April 24, 2007
Former adviser to Royal switches camps
Speaking of opportunists... I know one can always make a mistake, realize it and decide to change. But this one is, er, huge.
Doubts on Royal, Sarkozy Will Fuel French CampaignRoyal, who was a relative unknown until she emerged as a national candidate last year in a blizzard of publicity, took a spot in the second round following a gaffe-filled campaign that prompted former adviser Eric Besson to call her "incompetent.''
(...)
Besson, a lawmaker who started the campaign as the Socialists' economic adviser, is ending by endorsing Sarkozy. He's scheduled to appear tonight at a Sarkozy rally in Dijon, the capital of the Burgundy region.
"I don't think Segolene Royal should be elected president,'' Besson wrote in a book published after he quit the campaign in February. "I don't wish it for my country and I fear it for my children.''
So Mr. Besson is telling us that France should be afraid of Ms. Royal.
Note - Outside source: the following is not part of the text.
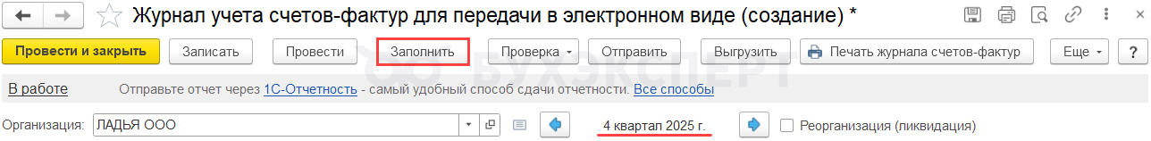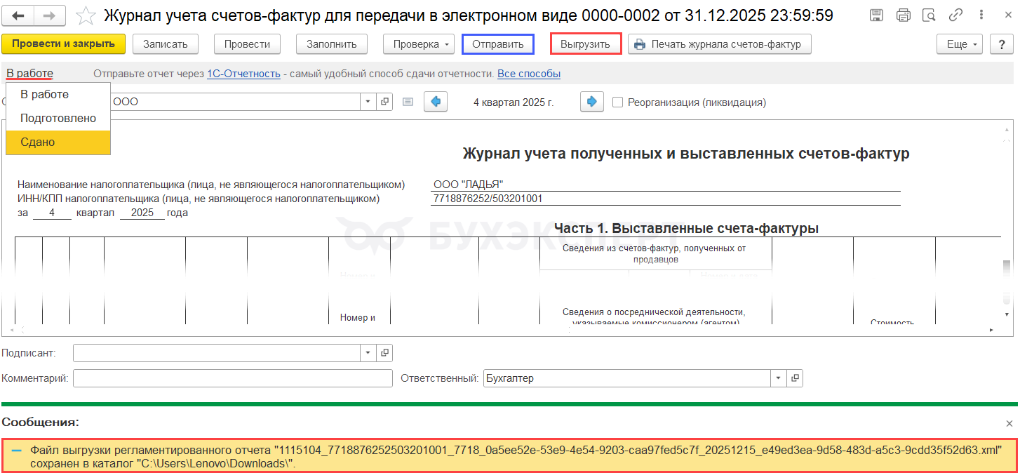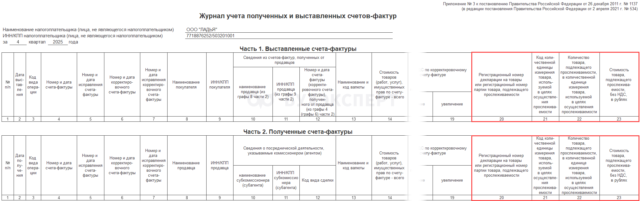 Журнал учета полученных и выставленных счетов-фактур за 4 квартал 2025 в 1С (20.01.26)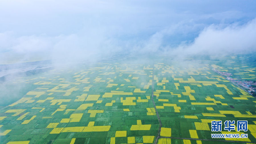 時下正值高原油菜花競相綻放的季節,在青海省海北藏族自治州門源回族自治縣,金黃色的油菜花在高原藍天和云霧映襯下形成一幅壯麗畫卷,吸引游客前來觀賞。

And what exactly was Mr. Besson advocating when working for Ms. Royal?
Bush finds new ally in French candidate - January 14, 2007Eric Besson, a member of the National Assembly from the Socialist Party, last month characterized Sarkozy as "an American neo-conservative with a French passport."
United States as the Anti-France - January 31, 2007These reflections stirred on reading an eloquent example of Gallic delusion: the statement just published by Ségolène Royal's Socialist Party about Nicolas Sarkozy, her chief opponent in the French presidential election. This 87-page work amounts to a relentless exercise in Sarkozy-bashing through his depiction as that incarnation of menace: a card-carrying crypto-American.
Entitled "The Worrying 'Quiet Rupture' of Mr. Sarkozy," and displayed on Parti-socialiste.fr, the party's home page, the work begins by asking: "Is France ready to vote in 2007 for an American neo-conservative carrying a French passport?"
That gets the ball rolling. The party's core argument runs roughly as follows: America is bad, Sarkozy is its agent, ergo he is dangerous. The publication really has little more to say about Royal's center-right rival.
One chapter is entitled "Nicolas Sarkozy or the Clone of Bush." A memorable sentence, among many such gems, says: "Yesterday Europe was importing jeans, coke, rock 'n' roll and cinema from the United States. Now Nicolas Sarkozy is proposing that we import God!" (...)
The report begins with those (Mr. Besson's) words:
In 2007, is France ready to vote for an American neoconservative carrying a French passport?
Are you, Mr. Besson?
Flip. Flop. I have yet to read an explanation on his change of heart.
People you can trust, really.
Posted by Carine at April 24, 2007 05:28 PM"Yesterday Europe was importing jeans, coke, rock 'n' roll and cinema from the United States"
Do they ever wonder why that importation is so successful?